## WHAT TO PRODUCE
Since the listing below shows pictures, leave them out and write out exactly the lines from the line with "第一场圆桌对话由TÜV NO" to the line with "今年以来,国网荣州供电公司坚", both included, and no others.

## SUPPLIED MATERIAL
——

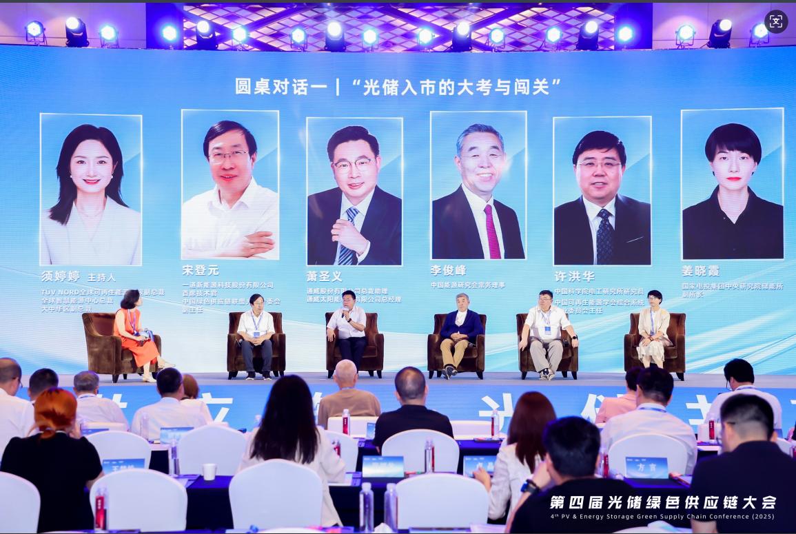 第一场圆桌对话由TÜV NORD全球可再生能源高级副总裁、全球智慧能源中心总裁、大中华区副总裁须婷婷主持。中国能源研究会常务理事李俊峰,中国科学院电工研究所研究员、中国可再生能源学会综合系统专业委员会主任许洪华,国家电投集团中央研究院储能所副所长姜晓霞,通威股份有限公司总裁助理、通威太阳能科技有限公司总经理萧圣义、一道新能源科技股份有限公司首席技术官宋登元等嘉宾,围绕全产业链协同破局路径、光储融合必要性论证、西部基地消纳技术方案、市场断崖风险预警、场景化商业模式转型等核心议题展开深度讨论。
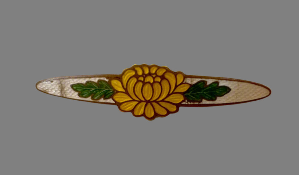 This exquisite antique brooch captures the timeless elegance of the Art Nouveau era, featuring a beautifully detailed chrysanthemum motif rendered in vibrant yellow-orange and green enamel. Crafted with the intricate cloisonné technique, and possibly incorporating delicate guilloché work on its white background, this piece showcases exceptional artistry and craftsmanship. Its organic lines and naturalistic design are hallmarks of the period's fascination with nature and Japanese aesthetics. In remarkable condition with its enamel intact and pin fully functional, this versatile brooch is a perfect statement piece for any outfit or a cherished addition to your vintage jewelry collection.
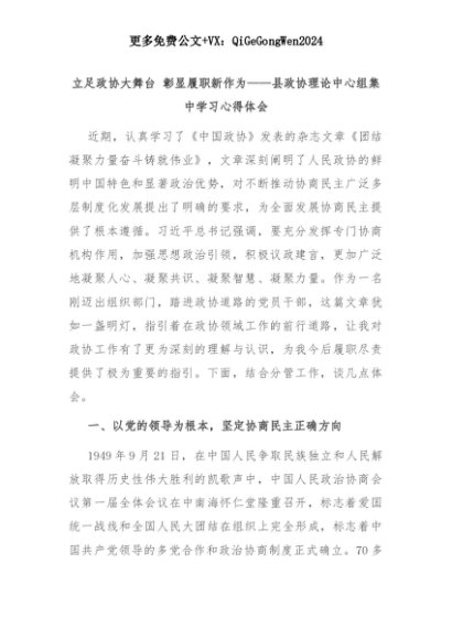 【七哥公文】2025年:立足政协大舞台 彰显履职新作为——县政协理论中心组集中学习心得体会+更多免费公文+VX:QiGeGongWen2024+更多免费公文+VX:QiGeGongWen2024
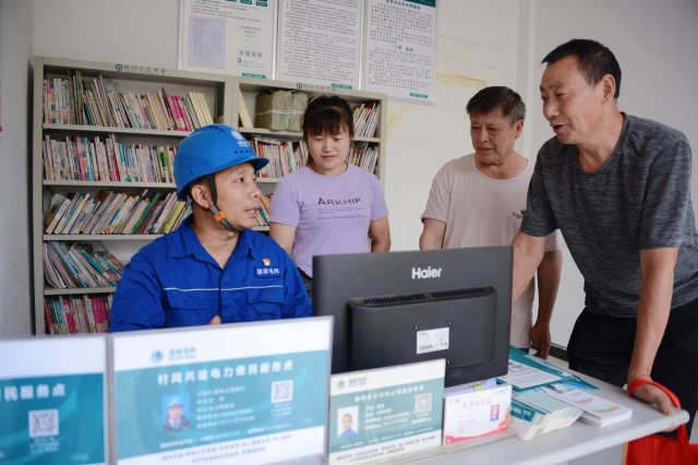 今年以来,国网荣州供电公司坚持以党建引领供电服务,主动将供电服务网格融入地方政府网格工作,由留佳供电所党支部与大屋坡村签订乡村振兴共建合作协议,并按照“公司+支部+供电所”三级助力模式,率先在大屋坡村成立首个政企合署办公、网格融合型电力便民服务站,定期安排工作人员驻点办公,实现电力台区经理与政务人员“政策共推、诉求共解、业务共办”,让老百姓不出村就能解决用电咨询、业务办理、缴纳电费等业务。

——

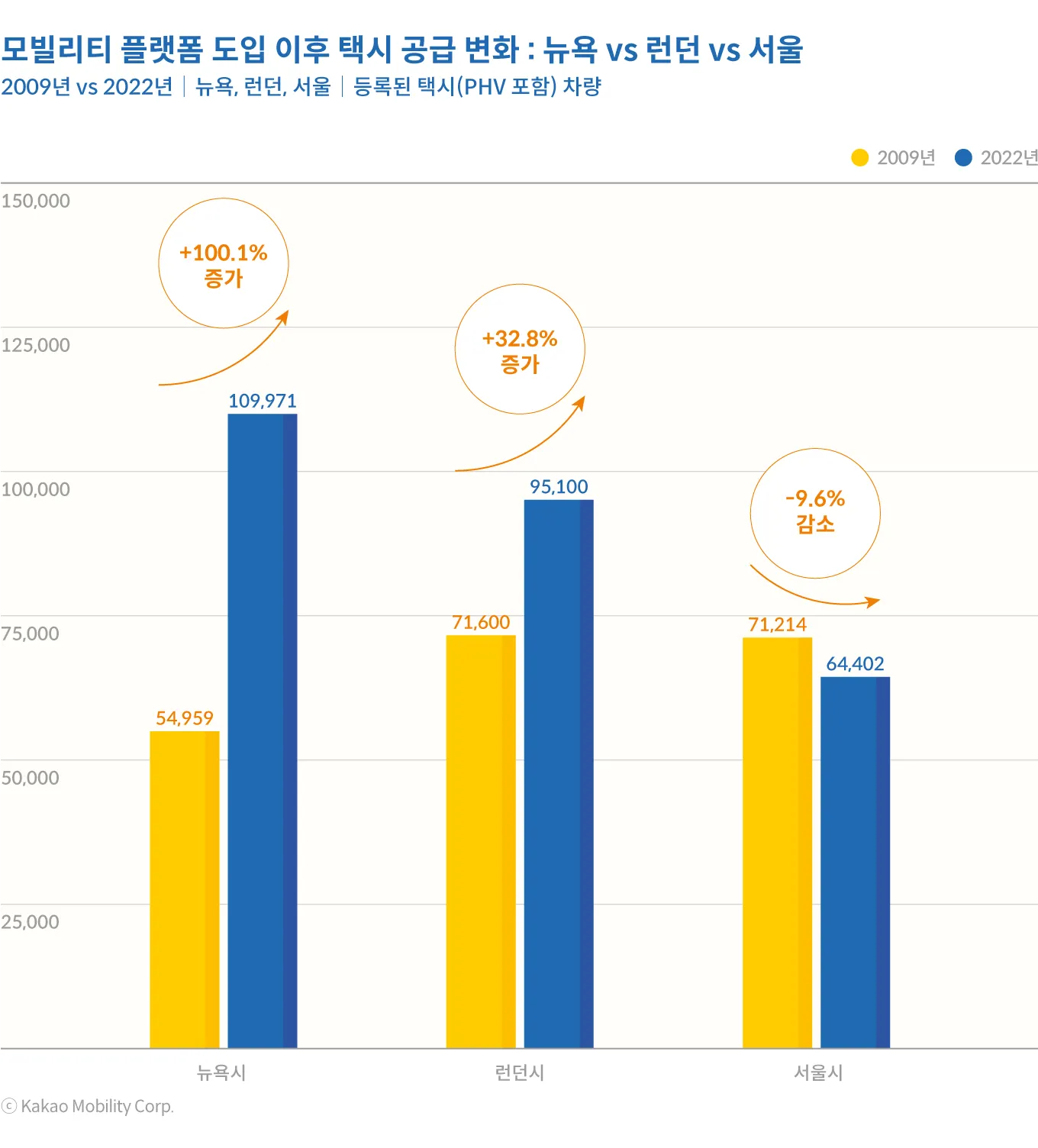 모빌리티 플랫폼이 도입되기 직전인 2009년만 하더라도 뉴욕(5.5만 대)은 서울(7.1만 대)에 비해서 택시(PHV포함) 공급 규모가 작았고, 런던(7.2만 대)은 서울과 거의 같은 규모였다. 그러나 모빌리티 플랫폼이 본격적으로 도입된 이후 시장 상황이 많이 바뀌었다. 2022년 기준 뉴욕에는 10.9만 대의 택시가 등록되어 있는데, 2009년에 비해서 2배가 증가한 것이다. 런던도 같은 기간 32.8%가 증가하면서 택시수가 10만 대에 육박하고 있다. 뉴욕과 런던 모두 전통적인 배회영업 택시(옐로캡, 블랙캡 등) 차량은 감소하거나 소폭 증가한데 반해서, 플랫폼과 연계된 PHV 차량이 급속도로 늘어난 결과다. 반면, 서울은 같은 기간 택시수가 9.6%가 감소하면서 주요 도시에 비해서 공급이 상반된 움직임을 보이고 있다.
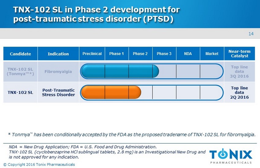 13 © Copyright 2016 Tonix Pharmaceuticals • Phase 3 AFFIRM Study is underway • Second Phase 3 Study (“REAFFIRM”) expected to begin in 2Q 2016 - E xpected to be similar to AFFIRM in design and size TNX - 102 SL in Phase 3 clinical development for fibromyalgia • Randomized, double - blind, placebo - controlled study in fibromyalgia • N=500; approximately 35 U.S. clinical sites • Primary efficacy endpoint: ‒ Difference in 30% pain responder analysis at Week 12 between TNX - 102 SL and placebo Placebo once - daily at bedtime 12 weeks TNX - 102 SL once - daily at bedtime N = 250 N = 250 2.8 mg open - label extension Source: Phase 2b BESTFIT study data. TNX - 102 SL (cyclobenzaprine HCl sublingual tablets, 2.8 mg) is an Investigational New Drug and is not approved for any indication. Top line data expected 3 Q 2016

——

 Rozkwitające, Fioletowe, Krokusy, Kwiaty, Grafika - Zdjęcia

——

## EXERCISE SOLUTION
 第一场圆桌对话由TÜV NORD全球可再生能源高级副总裁、全球智慧能源中心总裁、大中华区副总裁须婷婷主持。中国能源研究会常务理事李俊峰,中国科学院电工研究所研究员、中国可再生能源学会综合系统专业委员会主任许洪华,国家电投集团中央研究院储能所副所长姜晓霞,通威股份有限公司总裁助理、通威太阳能科技有限公司总经理萧圣义、一道新能源科技股份有限公司首席技术官宋登元等嘉宾,围绕全产业链协同破局路径、光储融合必要性论证、西部基地消纳技术方案、市场断崖风险预警、场景化商业模式转型等核心议题展开深度讨论。
 This exquisite antique brooch captures the timeless elegance of the Art Nouveau era, featuring a beautifully detailed chrysanthemum motif rendered in vibrant yellow-orange and green enamel. Crafted with the intricate cloisonné technique, and possibly incorporating delicate guilloché work on its white background, this piece showcases exceptional artistry and craftsmanship. Its organic lines and naturalistic design are hallmarks of the period's fascination with nature and Japanese aesthetics. In remarkable condition with its enamel intact and pin fully functional, this versatile brooch is a perfect statement piece for any outfit or a cherished addition to your vintage jewelry collection.
 【七哥公文】2025年:立足政协大舞台 彰显履职新作为——县政协理论中心组集中学习心得体会+更多免费公文+VX:QiGeGongWen2024+更多免费公文+VX:QiGeGongWen2024
 今年以来,国网荣州供电公司坚持以党建引领供电服务,主动将供电服务网格融入地方政府网格工作,由留佳供电所党支部与大屋坡村签订乡村振兴共建合作协议,并按照“公司+支部+供电所”三级助力模式,率先在大屋坡村成立首个政企合署办公、网格融合型电力便民服务站,定期安排工作人员驻点办公,实现电力台区经理与政务人员“政策共推、诉求共解、业务共办”,让老百姓不出村就能解决用电咨询、业务办理、缴纳电费等业务。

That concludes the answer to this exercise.